On 8 January 2010, the Togo national team bus was attacked by gunmen as it traveled through the Angolan province of Cabinda for the Africa Cup of Nations. The bus came under machine gun fire just after it had crossed the border from the Republic of the Congo into the Angolan exclave province of Cabinda. All of Togo's initial Group B games were to take place in the Estádio Nacional do Chiazi stadium in Cabinda.

According to rebel leader Mingas, the attack was carried out by his Commander Sametonne who claimed 15 FLEC fighters participated in the ambush. The attack lasted for at least 30 minutes. The bus driver, Mário Adjoua, was killed, cutting off all possible means of escape. The passengers hid beneath the seats. A security team of around 10 men in two cars travelling with the team returned the attackers' fire.

FC Vaslui defender Serge Akakpo was badly wounded by bullets and lost blood, as was goalkeeper Kodjovi Obilalé. Alongside both players, Vice-President Gabriel Ameyi of the Togolese Football Federation and seven members including a journalist and two team doctors were wounded. Emmanuel Adebayor said the attack was, "one of the worst things I've ever been through in my life." He had to carry his screaming teammates into the hospital as he was one of those least affected. Thomas Dossevi said, "It was a real hell. Twenty minutes of shots, of blood and fear," and Richmond Forson said, "The bus carrying the luggage was riddled. Maybe they thought we were there. Then they opened fire, even against our coaches. It was terrible." Dossevi said the team was "machine-gunned, like dogs."

The Angolan separatist guerrilla group Front for the Liberation of the Enclave of Cabinda (FLEC) claimed responsibility for the attack. A statement signed by FLEC's secretary general Rodrigues Mingas said, "This operation is just the start of a series of planned actions that will continue to take place in the whole territory of Cabinda." French Foreign Ministry spokesperson Bernard Valero said that "inciting violence is totally unacceptable" and Mingas could be prosecuted under French laws for making such statements.
A larger offshoot group known as Armed Forces of Cabinda (FLEC-FAC) also claimed responsibility. The leader of the group Jean-Claude N'Zita dismissed Mingas' faction as opportunist.

===Victims===
Three people were killed and nine others injured in the attack.

- Dead
- Améleté Abalo – assistant coach of the Togo national football team and manager of ASKO Kara (died on 9 January 2010)
- Stanislas Ocloo (died on 9 January 2010) – TV sports commentator/journalist for Togolese Television
- Mário Adjoua – Angolan-born bus driver (died on 8 January 2010)

- Wounded
- Kodjovi Obilalé – was shot in the lower back. The bullet split into several pieces making its way into his stomach. The goalkeeper's condition was reportedly stabilized on 11 January. South African doctors suggested leaving bullet fragments in his stomach since the operation to remove them could possibly cause more damage.
- Serge Akakpo
- Hubert Velud – manager
- Waké Nibombé
- Elista Kodjo Lano
- Divinelae Amevor – physiotherapist
- Tadafame Wadja – doctor

==Investigation==
In connection with the deadly attack on the Togolese national football team, the Angolan police arrested two suspects on 10 January 2010. As the national radio reported, citing the prosecutor, the arrests were made in the Angolan enclave of Cabinda, located between the Republic of Congo and the Democratic Republic of the Congo in Central Africa. A total of 9 suspects were arrested.
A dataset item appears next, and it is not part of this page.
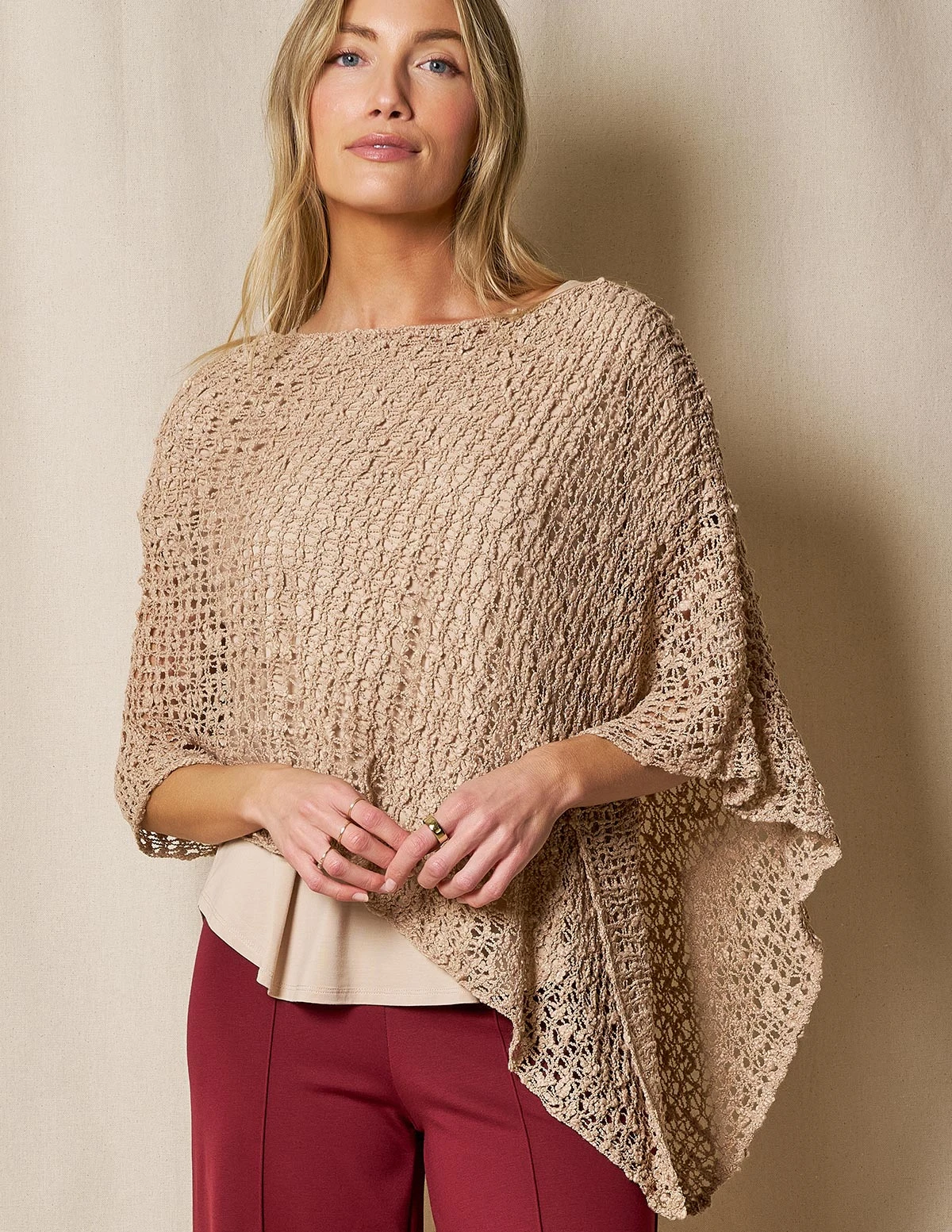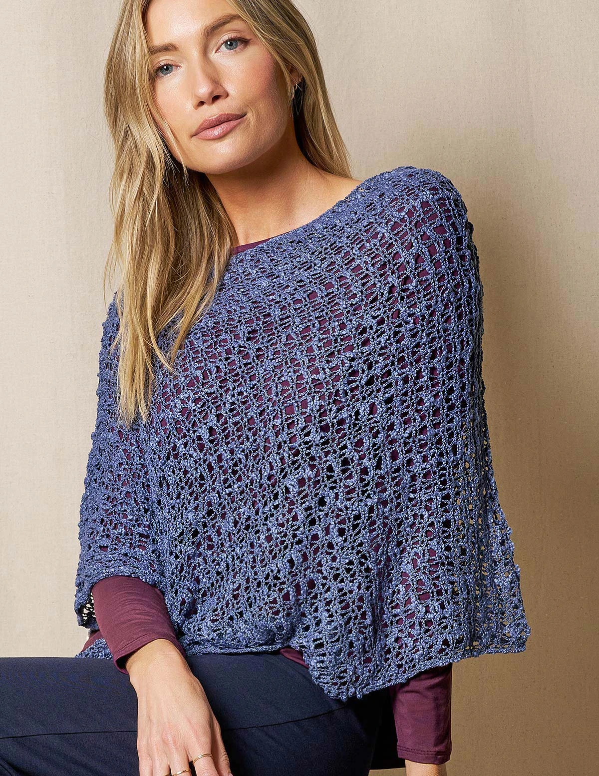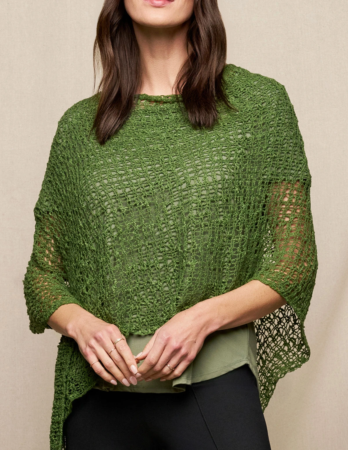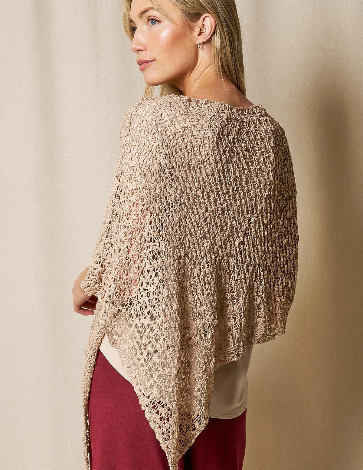 Elevate your basics with this cool and cozy styling piece. Our Handwoven Riva Knit Poncho is styled in a shorter length for fuss-free wear at work, but we love it also as an elegant cover-up for cooler summer nights.

Angola arrested four men – Monsignor Raul Tati, a Roman Catholic priest and later bishop, Francisco Luemba, a lawyer, Belchior Tati, an economist and Jose Benjamin Fuca, a former police officer – who had documents about FLEC and had travelled to Paris for meetings with exiled leaders. In August, they were jailed for FLEC-PM membership. A court in Cabinda found the four guilty of crimes against state security; although the judge did not say whether the four had direct links to the attack. Their prison sentences ranged from three to five years. On 11 January, two FLEC operatives were arrested near the site of the shooting.
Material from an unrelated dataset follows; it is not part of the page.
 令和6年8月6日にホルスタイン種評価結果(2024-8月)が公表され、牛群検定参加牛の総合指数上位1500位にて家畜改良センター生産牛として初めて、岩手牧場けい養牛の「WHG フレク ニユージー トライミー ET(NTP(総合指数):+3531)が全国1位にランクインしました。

The trial was criticised by human rights groups that accused the government of using the attacks to justify a crackdown on critics. Martinho Nombo, a lawyer taking part in the court hearings, said the judge convicted them only because they had spoken or written about independence for Cabinda. "This is unconstitutional. A judge cannot jail someone for nothing. This will only worsen Angola's poor record on human rights and the whole peace process with FLEC. The supposed link was implied rather than stated. They were convicted on the basis of those documents." Human Rights Watch also criticised the conviction calling the four "activists" and saying "This is clearly a lost opportunity to restore justice in Angola, and particularly in Cabinda."

==Aftermath==
The Togolese team called for a boycott of the competition as a result of the attack. Alaixys Romao and Thomas Dossevi spoke of their disgust and their lack of desire to compete following their experience. Togo's national football squad subsequently withdrew from the tournament. Togolese midfielder Alaixys Romao said the team was also trying to persuade the other teams in their group to pull out of the competition. After seeing the aftermath of the attack, members of the Mozambique national team flying into Luanda asked for assurances of protection.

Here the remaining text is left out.